Aujourd’hui, après onze ans au pouvoir, le numéro un congolais a rejoint le cercle peu glorieux des dirigeants affublés du boulet de l’illégitimité et de la fraude systémique. Hissé sans préalable en juin 2006 au sommet de l’Etat par la grâce de la diplomatie de l’ombre des Etats-Unis, il fut ensuite adoubé par la France, puis l’Europe occidentale. La manœuvre se révélera peu soluble dans le contexte chaotique d’un pays où les zones de non-droit se sont multipliées au fil du temps, et où l’Etat, replié sur ses attributs immédiats, a quasiment renoncé à étendre son autorité à l’ensemble de son territoire souverain. Résultat : un pouvoir nimbé d’énigmes, accusé d’alliance objective avec le Rwanda, ce voisin devenu le pire cauchemar des Congolais. Le Rwanda dont l’influence – politique, diplomatique et militaire – soutenue par les Etats-Unis, n’a cessé d’alimenter l’instabilité et la loi des armes dans l’Est du Congo. Face à cette situation, une question devenue récurrente : comment expliquer que le « moustique rwandais » parvienne ainsi à priver de sommeil le « mammouth congolais » ? Ainsi, l’impuissance du pouvoir congolais à opposer son autorité au Rwanda et à la confusion qui règne dans cette région du pays, a fini d’installer, dans l’opinion nationale, un amer sentiment d’humiliation…

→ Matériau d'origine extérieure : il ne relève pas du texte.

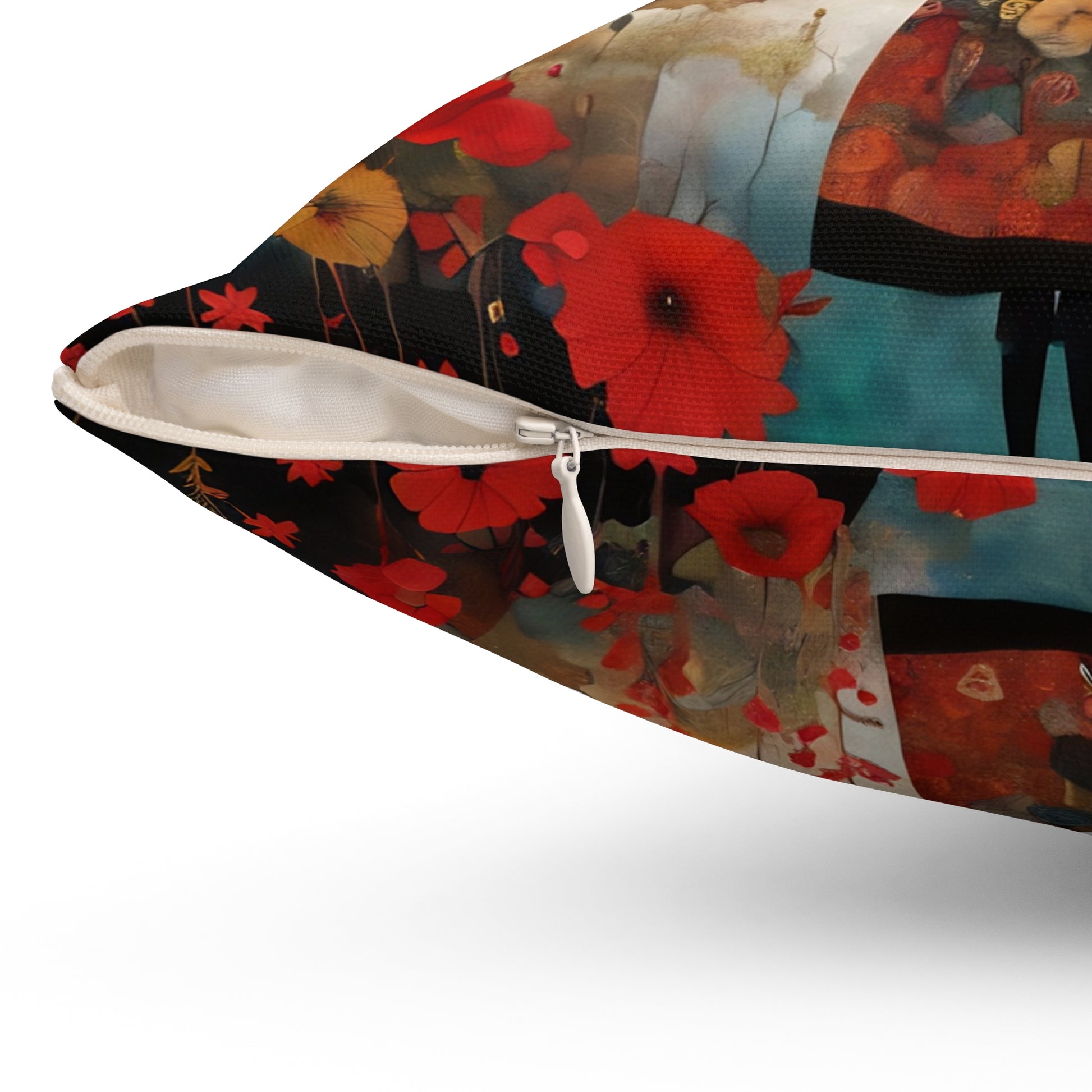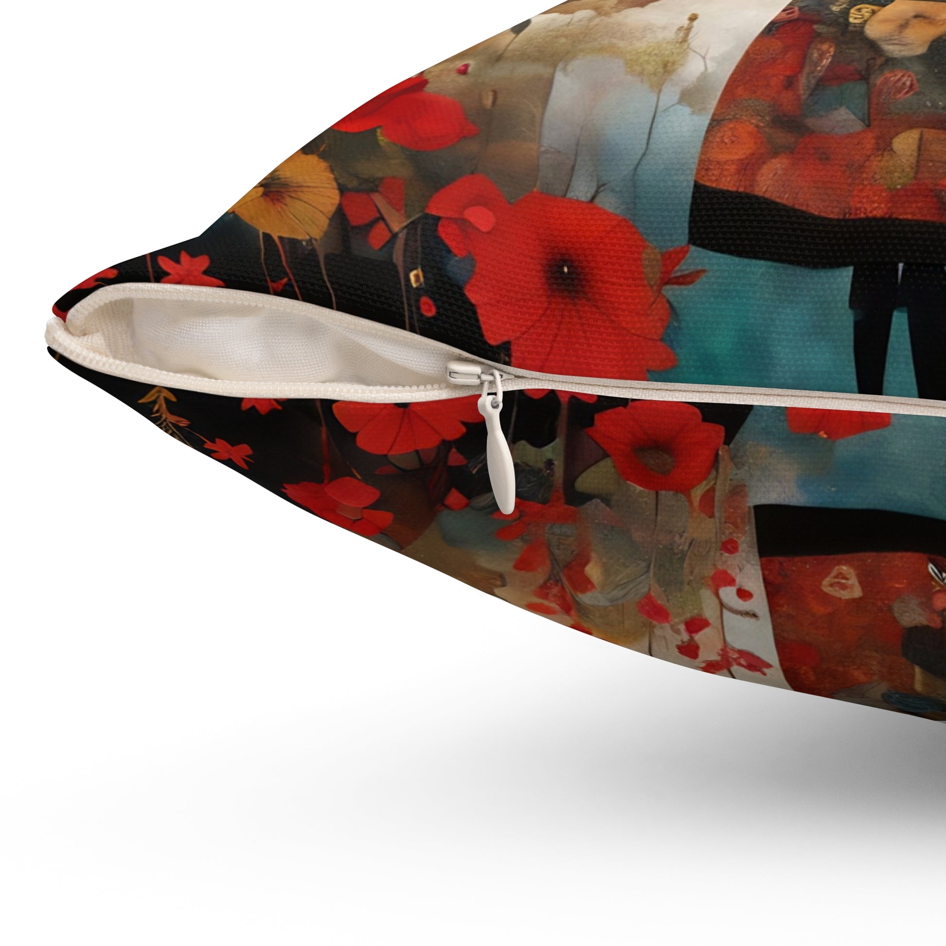 This double-sided printed Moon struck/Red poppies     Square Pillow   pillow features Madeline with yellow hat   Square Pillow by fairyhill studio, giving off a whimsical and charming vibe. Perfect for Madeline book art lovers lovers and those who enjoy a touch of whimsy in their decor. Ideal for spring and summer home decor, garden parties, and bee-themed celebrations.

Aujourd’hui, l’actualité de la RDC est dominée par les hauts faits de la nouvelle rébellion qui sévit dans l’Est, baptisée « M23 », et composée, pour l’essentiel, d’anciens rebelles qui, après avoir été intégrés en 2009 dans l’armée, se sont mutinés en avril 2012. Au-delà de multiples et insaisissables revendications, leur objectif avoué désormais est de mettre en déroute l’armée nationale et étendre leur primauté à d’autres localités de cette région. Le 17 novembre, les combats se sont intensifiés entre les troupes du M23 et l’armée congolaise, appuyée par les éléments des Nations Unies présentes sur le territoire. Face à cette brusque aggravation de la situation militaire, une réunion d’urgence du Conseil de sécurité a été programmée ce jour même. Emotion aussi de la France, qui, craignant « un nouveau drame humanitaire », a réclamé « la cessation immédiate des combats, et la protection des populations civiles et de tous les acteurs humanitaires ». Le porte-parole du Quai d’Orsay, Philippe Lalliot, a lancé un appel à « tous les pays de la région » afin qu’ils s’abstiennent de toute ingérence dans les affaires intérieures de la RDC. Principal visé : le Rwanda, accusé depuis plusieurs mois d’apporter son soutien militaire aux rebelles du M23. Les rapports d’experts de l’Onu étayant l’implication du Rwanda dans la situation qui prévaut dans la région orientale de la RDC, s’ils ont tous été démentis, n’ont pas donné lieu à une condamnation officielle du Rwanda, et moins encore à une mise en garde formelle de la part des Nations Unies.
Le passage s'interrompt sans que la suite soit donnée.